Dataset records:
-- Opening Marker --
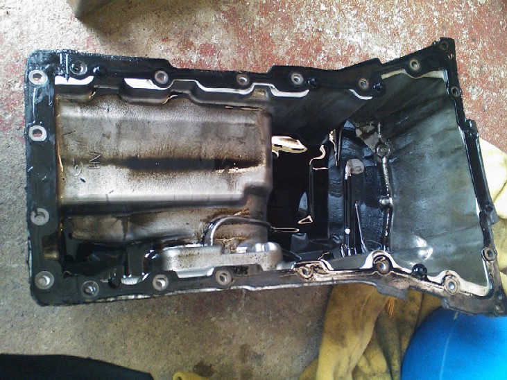 When it comes to the last bolt, remember the sump is cast aluminum so avoid dropping it at all costs, also remember either the 2 bolts or nuts holding the rotor filter drain tube, remove them and manouver the sump down and out to the rear of the car. The workshop manual states to also remove the exhaust front pipe, I chose to try it without disturbing that and it does actually come out easily with the front pipe still installed. Here's the sump below, as you can see there's ALWAYS some old oil you just cannot get out with a normal drain and refill !!
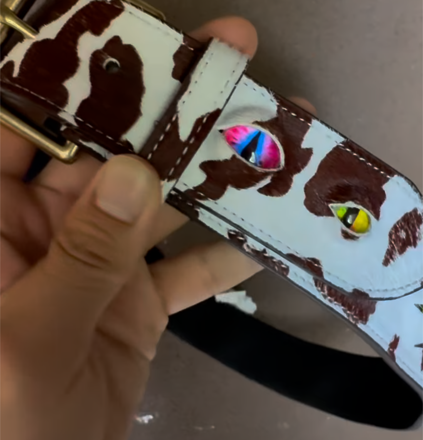 The term “cow-eyed belt” isn’t a widely recognized or official name within fashion catalogs—but it likely refers to belts that feature cow-print patterns, embracing either hair-on-hide or printed cowhide aesthetics. These styles follow the renewed trend of animal-print accessories but with a rustic, eye-catching twist.
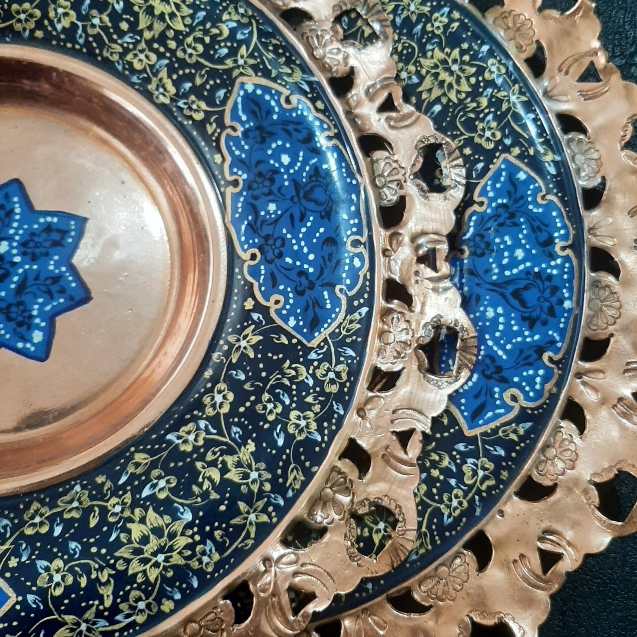 دو عدد بشقاب مس پرداز کلکسیونی، درجه یک
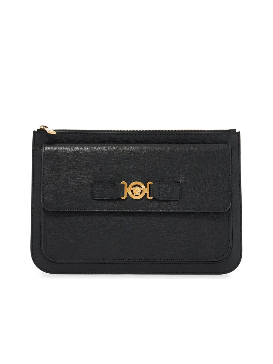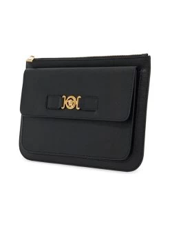 A hammered leather pouch adorned with the iconic golden Biggie Medusa emblem, designed with practicality in mind. It features an easily accessible zipper-enclosed main compartment, lined with nylon. Inside, you’ll find an open pocket and slots for six credit cards, perfect for organizing essentials. Finished with a detachable wrist handle for effortless portability.
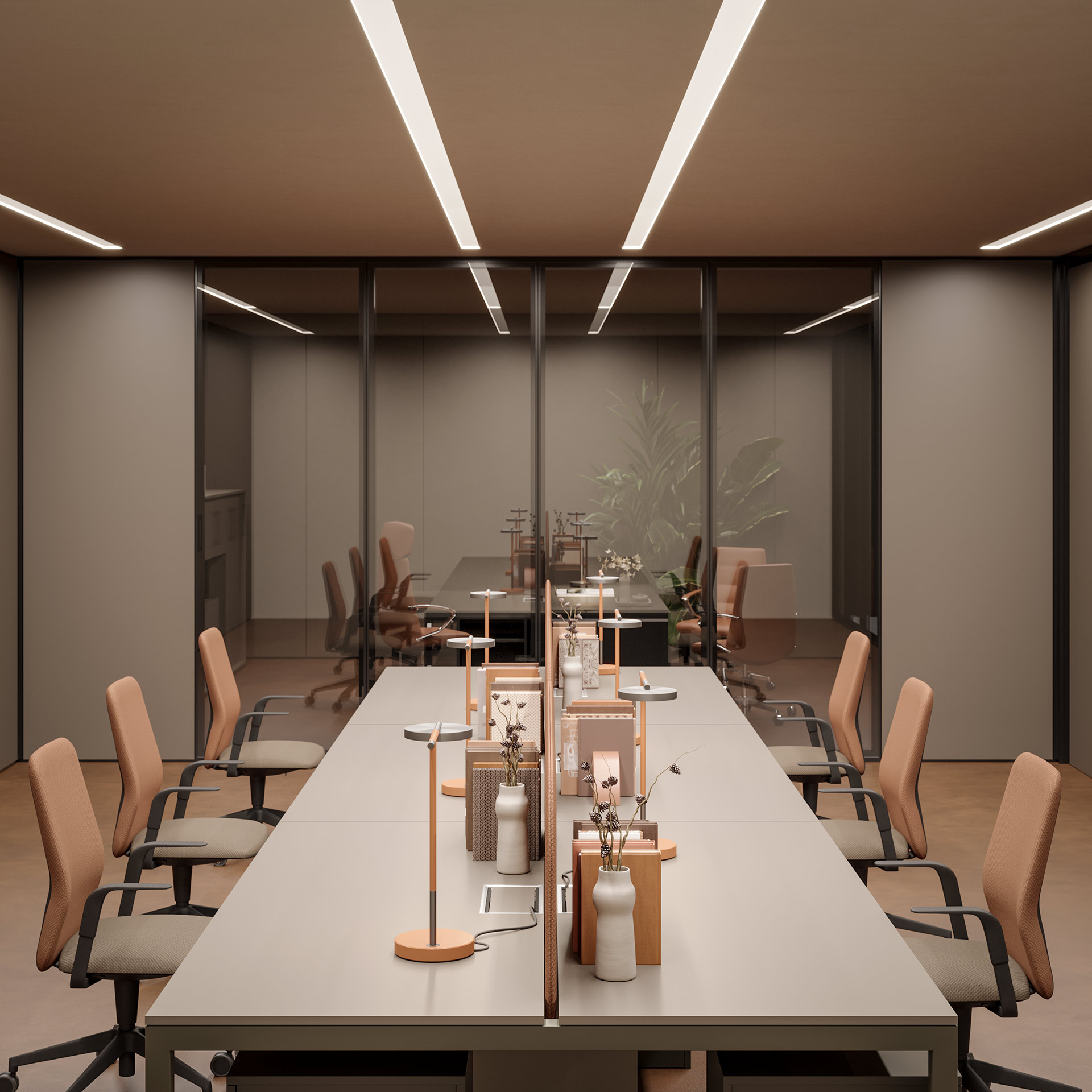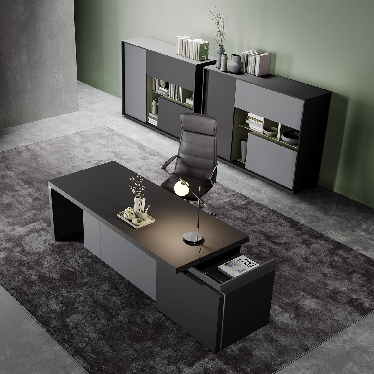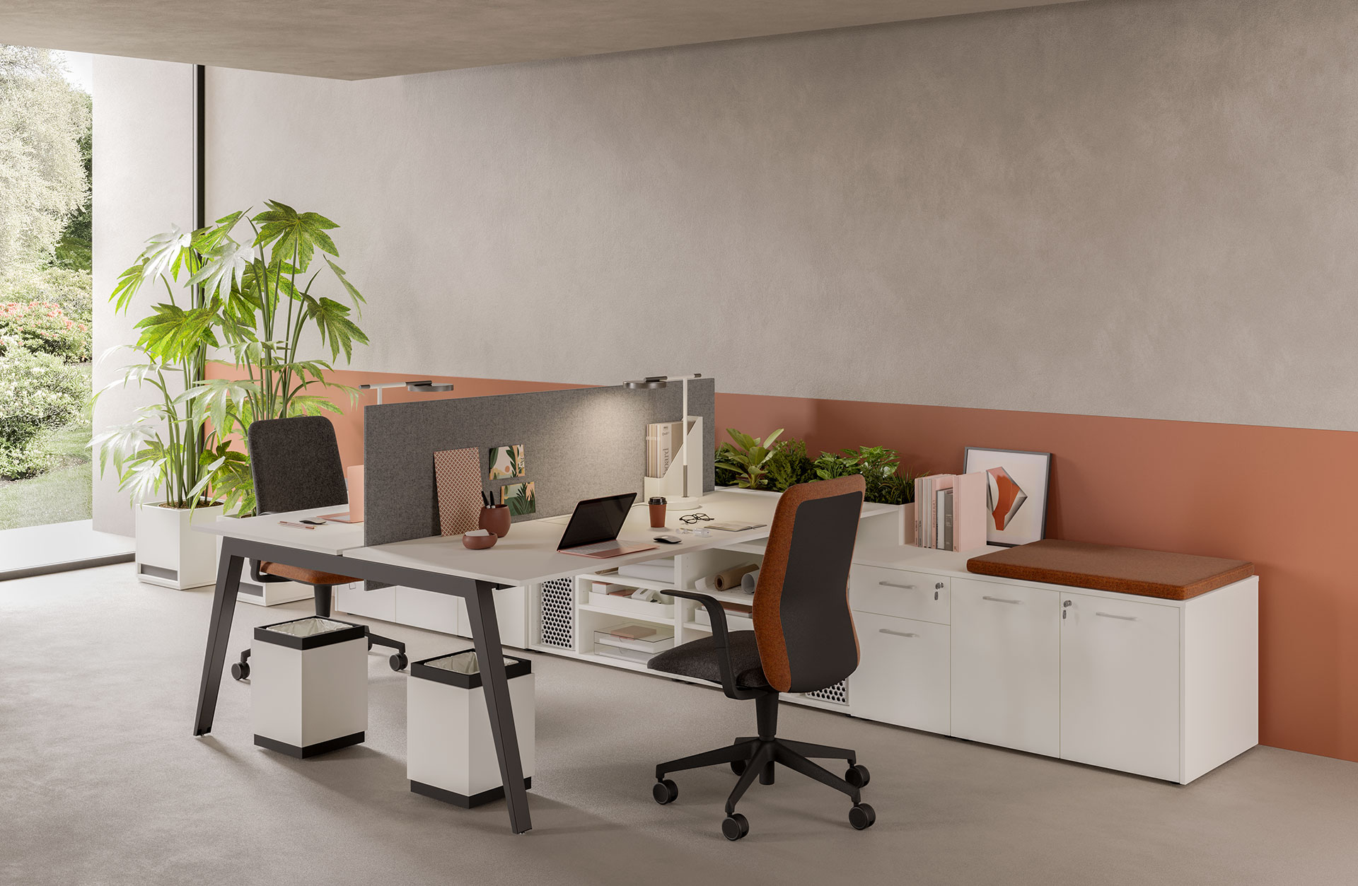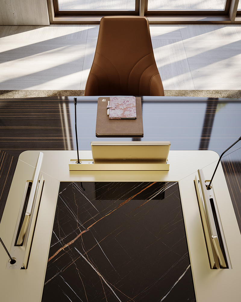 From the PROF product range, you can find all the furnishings for your office or home office. PROF Office includes desks, conference tables, reception desks, bookshelves, cabinets for documents and other necessary storage. In addition, PROF also offers partitions that, thanks to a wide range of materials, fit into any work environment. PROF’s extensive finishes and careful selection of elegant and functional products help personalize any office.
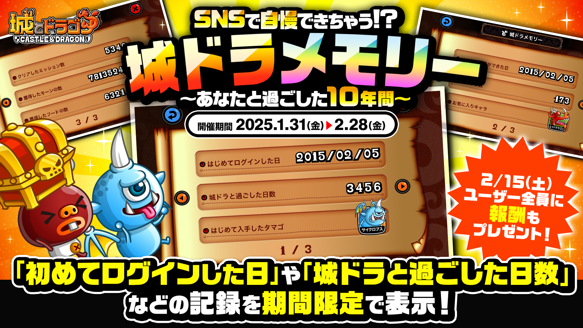 「初めてログインした日」や「城ドラと過ごした日数」など、2025年1月31日(金)までのユーザーの記録をゲーム内に期間限定で表示します。スクショしてSNSでシェアすることも!また2月15日(土)より、過ごした日数などに応じたルビーをユーザー全員にプレゼント中です。期間中の受け取りをお忘れなく!
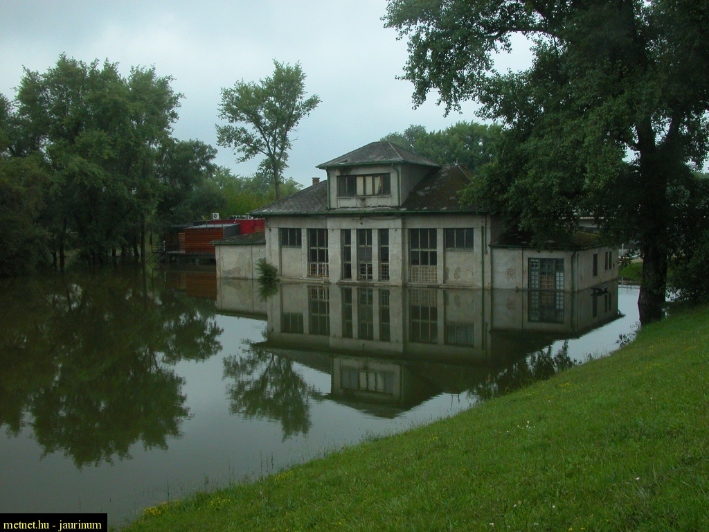 | Leírás: A Rába Gyõrnél. Víz alatt az egykori korcsolyapálya ("Práter") elhagyott épülete | |
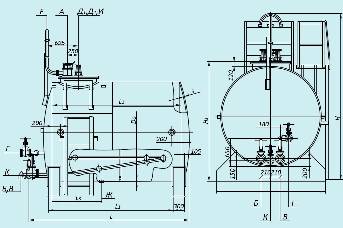 Чертеж Резервуар горизонтальный РГС-5 м3
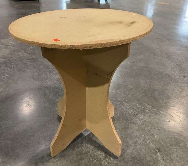 LOT 1545 - Press-wood table, 30”dia, table is warped and has some water damage
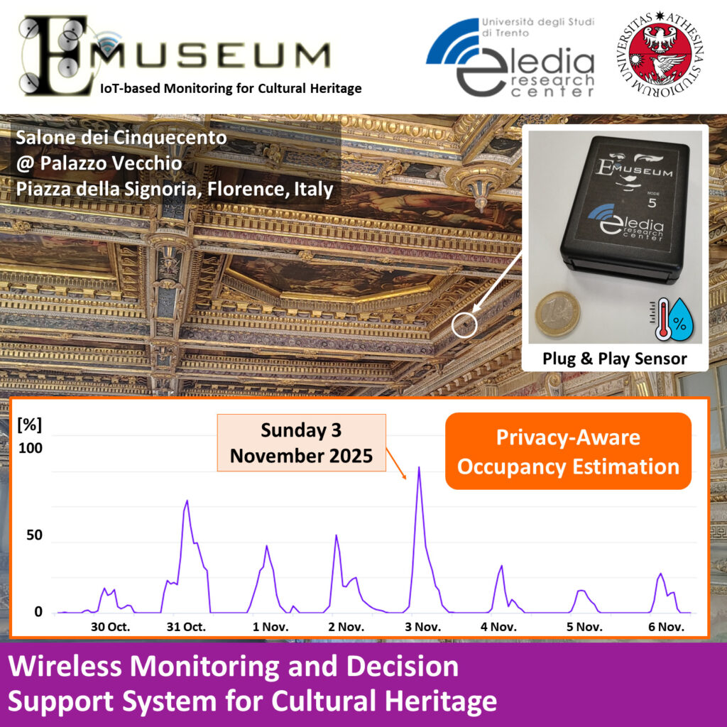 Grazie ai dati ambientali opportunistici (temperatura, umidità) acquisiti dai sensori wireless, E-MUSEUM è in grado di stimare l’utilizzo degli spazi in tempo reale:
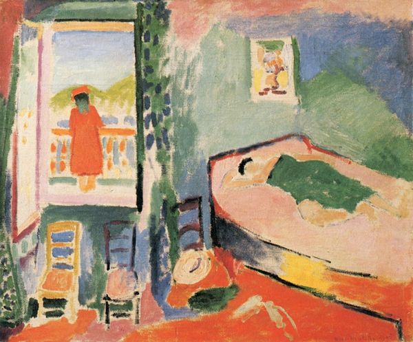 Kandinsky made this painting, Bedroom in Aintmillerstrasse, using oil on cardboard. The slightly wonky perspective and simplified forms give it a childlike feel, like a memory being pieced back together. I love the way Kandinsky uses colour here. It's not about representation; it's about feeling. See how the orange bed practically vibrates against the green wall? And that dab of pink for the pillow! There’s a real joy in the application of paint, it’s like he’s not trying to be neat or precise, just letting the colours do their thing. The tabletop still-life is so wonderfully rendered with thick daubs of blues and greens with expressive black lines. Later in his career, Kandinsky went fully abstract, but in this early work, you can see him already pushing the boundaries of what painting could be. It makes me think of Bonnard, who also captured intimate domestic scenes with a similar blend of observation and imaginative colour. It’s this ambiguity that makes the painting so compelling, it’s not just a bedroom, it’s a state of mind.
-- Closing Marker --
> [Action item]
Give an exact copy of the entries, excluding all pictures.

> [Worked solution]
 When it comes to the last bolt, remember the sump is cast aluminum so avoid dropping it at all costs, also remember either the 2 bolts or nuts holding the rotor filter drain tube, remove them and manouver the sump down and out to the rear of the car. The workshop manual states to also remove the exhaust front pipe, I chose to try it without disturbing that and it does actually come out easily with the front pipe still installed. Here's the sump below, as you can see there's ALWAYS some old oil you just cannot get out with a normal drain and refill !!
 The term “cow-eyed belt” isn’t a widely recognized or official name within fashion catalogs—but it likely refers to belts that feature cow-print patterns, embracing either hair-on-hide or printed cowhide aesthetics. These styles follow the renewed trend of animal-print accessories but with a rustic, eye-catching twist.
 دو عدد بشقاب مس پرداز کلکسیونی، درجه یک
 A hammered leather pouch adorned with the iconic golden Biggie Medusa emblem, designed with practicality in mind. It features an easily accessible zipper-enclosed main compartment, lined with nylon. Inside, you’ll find an open pocket and slots for six credit cards, perfect for organizing essentials. Finished with a detachable wrist handle for effortless portability.
 From the PROF product range, you can find all the furnishings for your office or home office. PROF Office includes desks, conference tables, reception desks, bookshelves, cabinets for documents and other necessary storage. In addition, PROF also offers partitions that, thanks to a wide range of materials, fit into any work environment. PROF’s extensive finishes and careful selection of elegant and functional products help personalize any office.
 「初めてログインした日」や「城ドラと過ごした日数」など、2025年1月31日(金)までのユーザーの記録をゲーム内に期間限定で表示します。スクショしてSNSでシェアすることも!また2月15日(土)より、過ごした日数などに応じたルビーをユーザー全員にプレゼント中です。期間中の受け取りをお忘れなく!
 | Leírás: A Rába Gyõrnél. Víz alatt az egykori korcsolyapálya ("Práter") elhagyott épülete | |
 Чертеж Резервуар горизонтальный РГС-5 м3
 LOT 1545 - Press-wood table, 30”dia, table is warped and has some water damage
 Grazie ai dati ambientali opportunistici (temperatura, umidità) acquisiti dai sensori wireless, E-MUSEUM è in grado di stimare l’utilizzo degli spazi in tempo reale:
 Kandinsky made this painting, Bedroom in Aintmillerstrasse, using oil on cardboard. The slightly wonky perspective and simplified forms give it a childlike feel, like a memory being pieced back together. I love the way Kandinsky uses colour here. It's not about representation; it's about feeling. See how the orange bed practically vibrates against the green wall? And that dab of pink for the pillow! There’s a real joy in the application of paint, it’s like he’s not trying to be neat or precise, just letting the colours do their thing. The tabletop still-life is so wonderfully rendered with thick daubs of blues and greens with expressive black lines. Later in his career, Kandinsky went fully abstract, but in this early work, you can see him already pushing the boundaries of what painting could be. It makes me think of Bonnard, who also captured intimate domestic scenes with a similar blend of observation and imaginative colour. It’s this ambiguity that makes the painting so compelling, it’s not just a bedroom, it’s a state of mind.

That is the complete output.